GIVEN ENTRIES: Begin

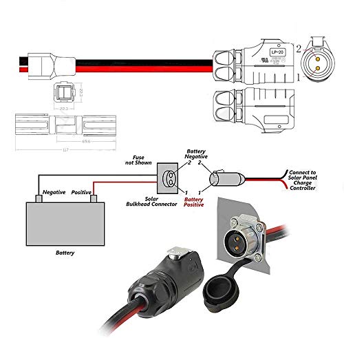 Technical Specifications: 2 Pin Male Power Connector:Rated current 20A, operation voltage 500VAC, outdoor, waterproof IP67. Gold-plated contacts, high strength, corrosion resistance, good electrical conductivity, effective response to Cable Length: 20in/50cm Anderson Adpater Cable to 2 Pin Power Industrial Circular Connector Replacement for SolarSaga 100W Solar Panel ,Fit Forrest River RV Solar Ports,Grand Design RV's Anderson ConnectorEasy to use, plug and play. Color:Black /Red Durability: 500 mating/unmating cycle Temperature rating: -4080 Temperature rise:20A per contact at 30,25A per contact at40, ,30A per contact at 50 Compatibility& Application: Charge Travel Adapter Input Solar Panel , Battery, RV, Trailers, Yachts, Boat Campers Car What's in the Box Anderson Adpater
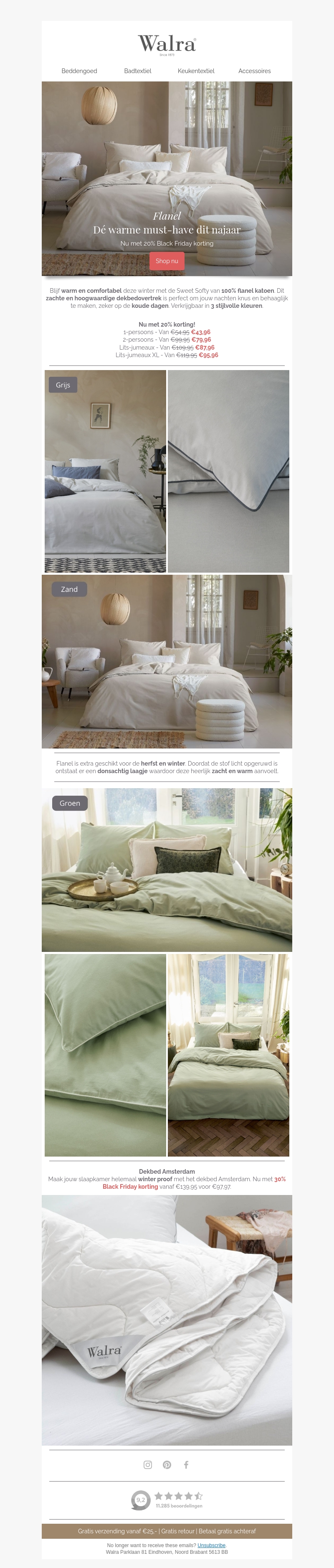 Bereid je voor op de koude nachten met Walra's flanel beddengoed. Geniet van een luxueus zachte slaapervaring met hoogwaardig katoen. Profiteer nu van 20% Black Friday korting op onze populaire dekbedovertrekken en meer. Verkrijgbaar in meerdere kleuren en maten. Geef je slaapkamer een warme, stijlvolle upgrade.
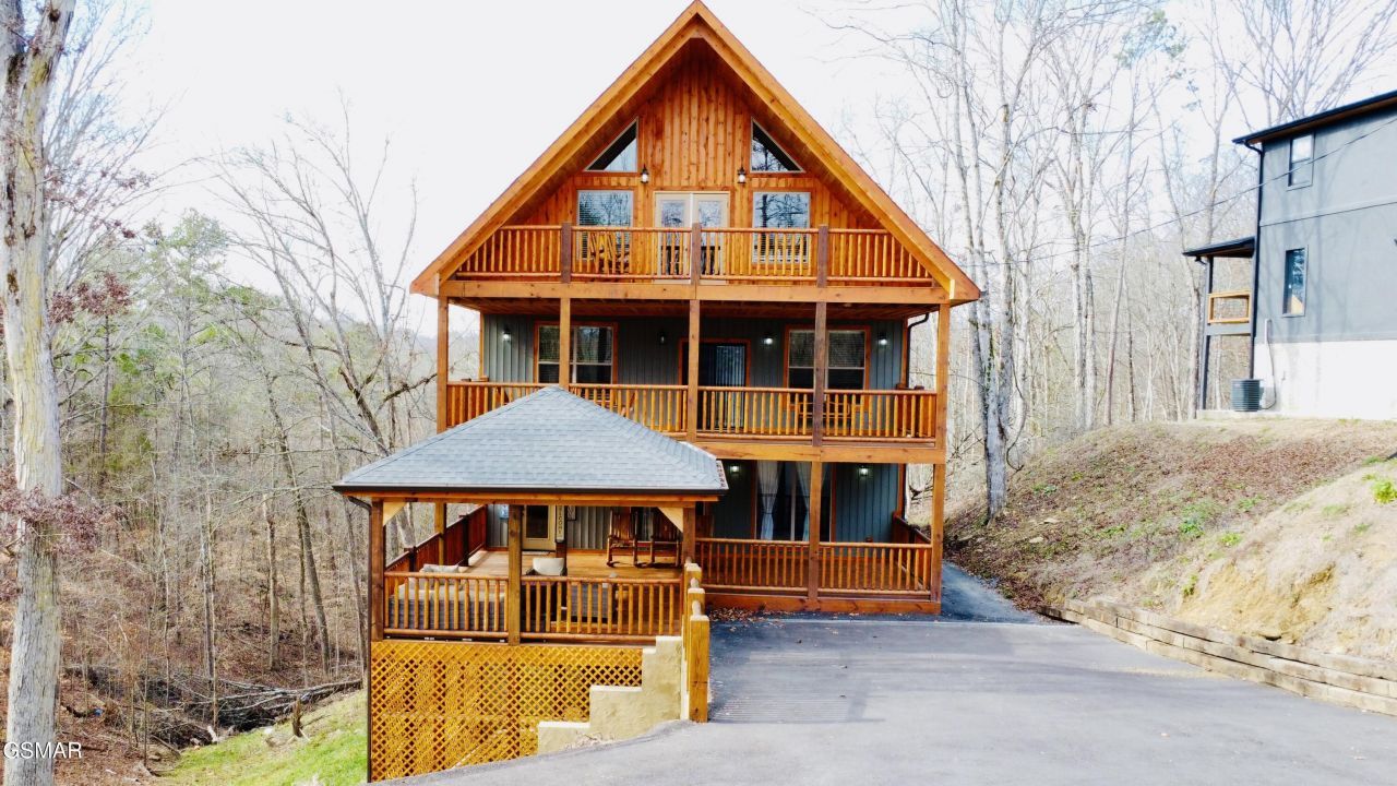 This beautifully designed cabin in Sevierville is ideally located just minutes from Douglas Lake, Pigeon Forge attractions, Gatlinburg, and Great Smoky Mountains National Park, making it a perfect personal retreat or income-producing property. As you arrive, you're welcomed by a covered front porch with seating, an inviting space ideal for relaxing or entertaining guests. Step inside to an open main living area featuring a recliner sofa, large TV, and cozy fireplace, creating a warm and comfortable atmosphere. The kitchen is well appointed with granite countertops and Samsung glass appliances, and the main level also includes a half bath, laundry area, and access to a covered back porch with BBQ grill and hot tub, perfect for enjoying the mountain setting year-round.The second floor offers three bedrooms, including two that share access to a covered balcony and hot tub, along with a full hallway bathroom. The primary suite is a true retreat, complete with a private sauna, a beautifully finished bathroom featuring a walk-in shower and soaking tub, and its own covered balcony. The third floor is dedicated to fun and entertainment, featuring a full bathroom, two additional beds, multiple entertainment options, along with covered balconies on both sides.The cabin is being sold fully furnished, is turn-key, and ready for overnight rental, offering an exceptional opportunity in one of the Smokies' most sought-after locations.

GIVEN ENTRIES: End
GIVEN ENTRIES: Begin

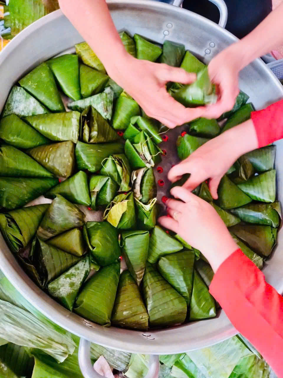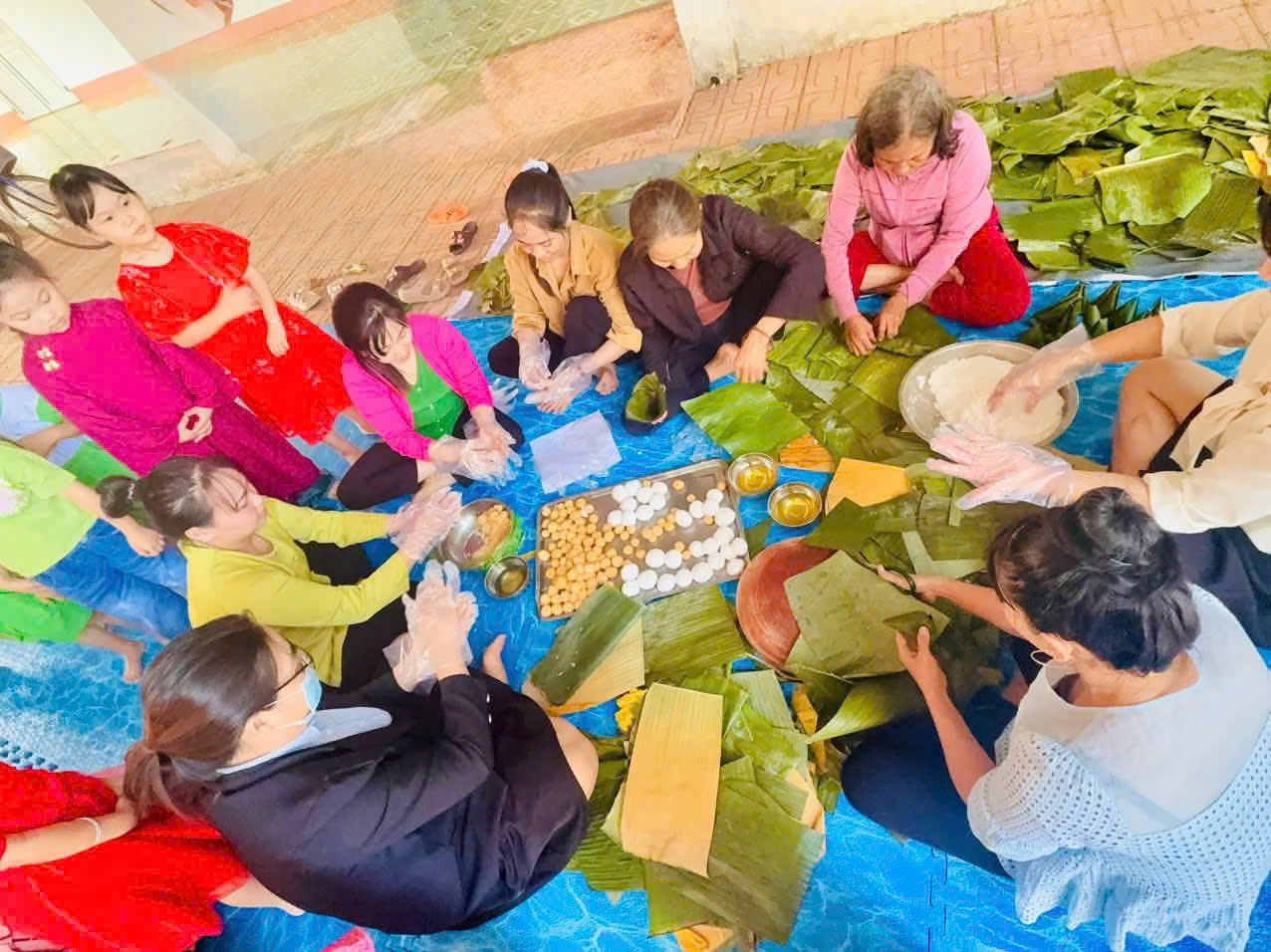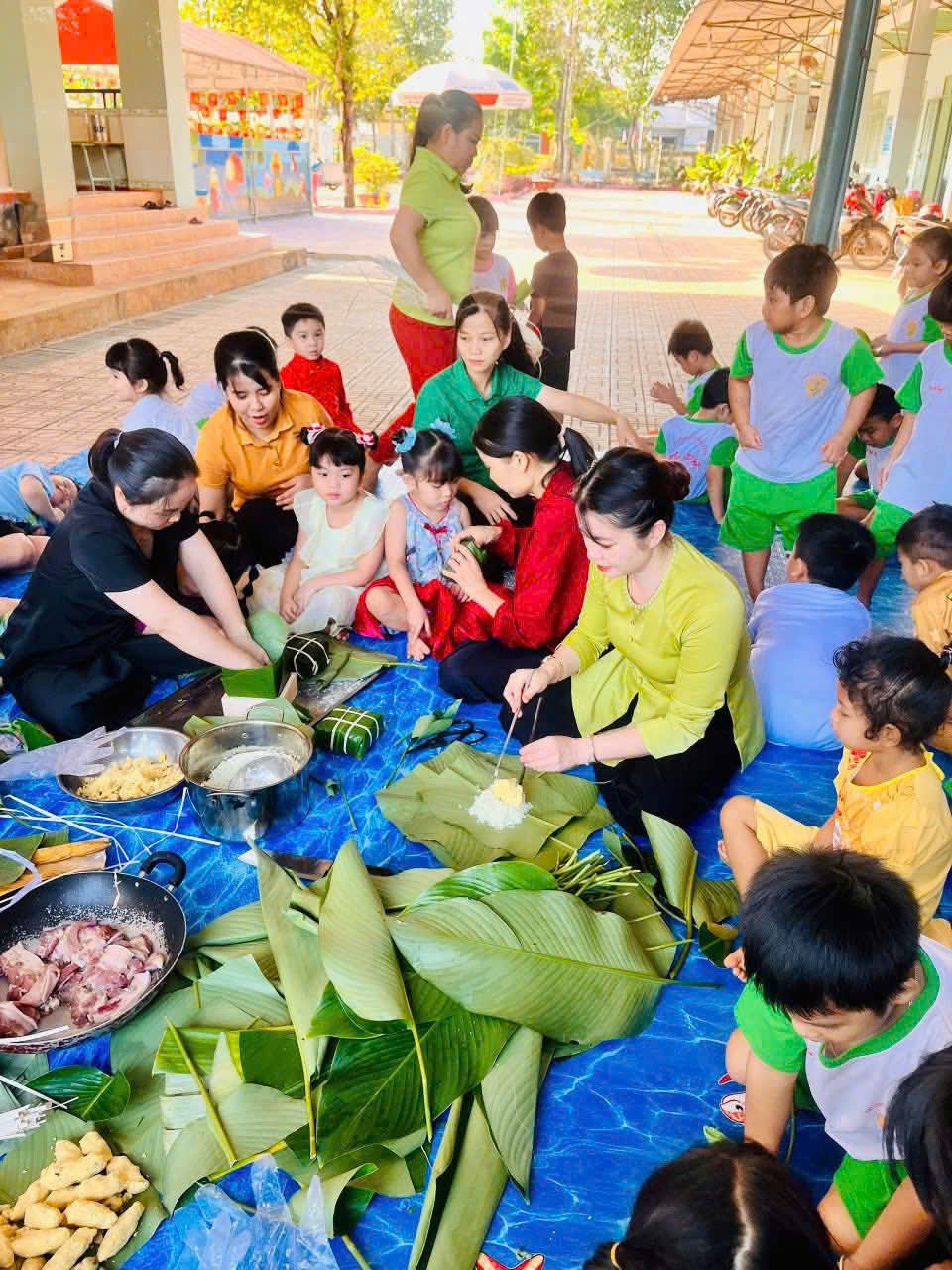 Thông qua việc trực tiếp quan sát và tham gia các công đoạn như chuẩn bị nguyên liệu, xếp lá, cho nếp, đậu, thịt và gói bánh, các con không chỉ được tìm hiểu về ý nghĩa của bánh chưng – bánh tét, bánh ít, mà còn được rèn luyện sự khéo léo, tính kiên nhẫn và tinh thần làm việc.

GIVEN ENTRIES: End
GIVEN ENTRIES: Begin

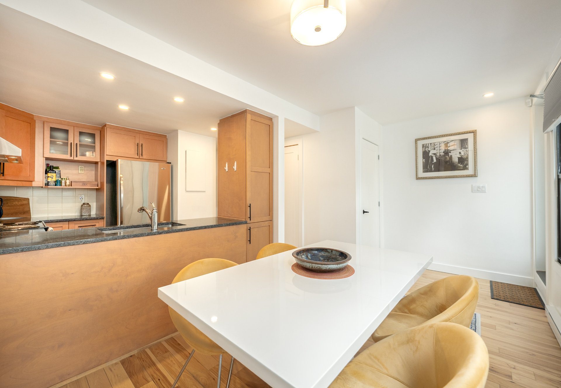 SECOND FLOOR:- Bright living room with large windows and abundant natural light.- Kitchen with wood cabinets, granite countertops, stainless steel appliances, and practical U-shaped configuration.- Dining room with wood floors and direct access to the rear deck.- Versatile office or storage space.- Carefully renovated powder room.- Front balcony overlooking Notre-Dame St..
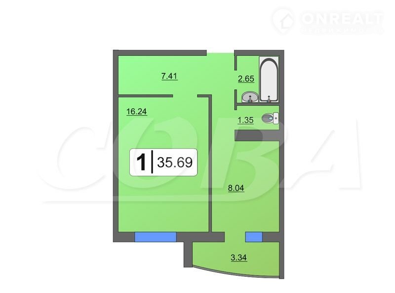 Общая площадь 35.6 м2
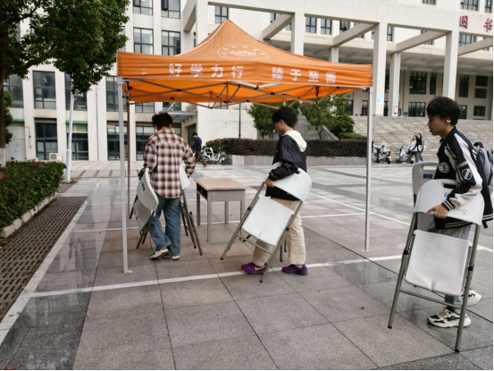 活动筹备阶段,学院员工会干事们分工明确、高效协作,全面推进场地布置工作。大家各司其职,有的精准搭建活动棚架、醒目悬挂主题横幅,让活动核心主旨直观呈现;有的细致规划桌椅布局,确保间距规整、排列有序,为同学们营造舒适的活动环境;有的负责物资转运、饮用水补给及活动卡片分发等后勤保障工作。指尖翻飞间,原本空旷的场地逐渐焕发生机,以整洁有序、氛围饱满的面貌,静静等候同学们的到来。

GIVEN ENTRIES: End

INSTRUCTIONS FOR THE TASK: A clean copy is needed of the lines above from the one with "SECOND FLOOR:- Bright" up to and including the one with "活动筹备阶段,学院员工会干事". Please set it down exactly, with no pictures.

RESULT OF THIS EXERCISE:
 SECOND FLOOR:- Bright living room with large windows and abundant natural light.- Kitchen with wood cabinets, granite countertops, stainless steel appliances, and practical U-shaped configuration.- Dining room with wood floors and direct access to the rear deck.- Versatile office or storage space.- Carefully renovated powder room.- Front balcony overlooking Notre-Dame St..
 Общая площадь 35.6 м2
 活动筹备阶段,学院员工会干事们分工明确、高效协作,全面推进场地布置工作。大家各司其职,有的精准搭建活动棚架、醒目悬挂主题横幅,让活动核心主旨直观呈现;有的细致规划桌椅布局,确保间距规整、排列有序,为同学们营造舒适的活动环境;有的负责物资转运、饮用水补给及活动卡片分发等后勤保障工作。指尖翻飞间,原本空旷的场地逐渐焕发生机,以整洁有序、氛围饱满的面貌,静静等候同学们的到来。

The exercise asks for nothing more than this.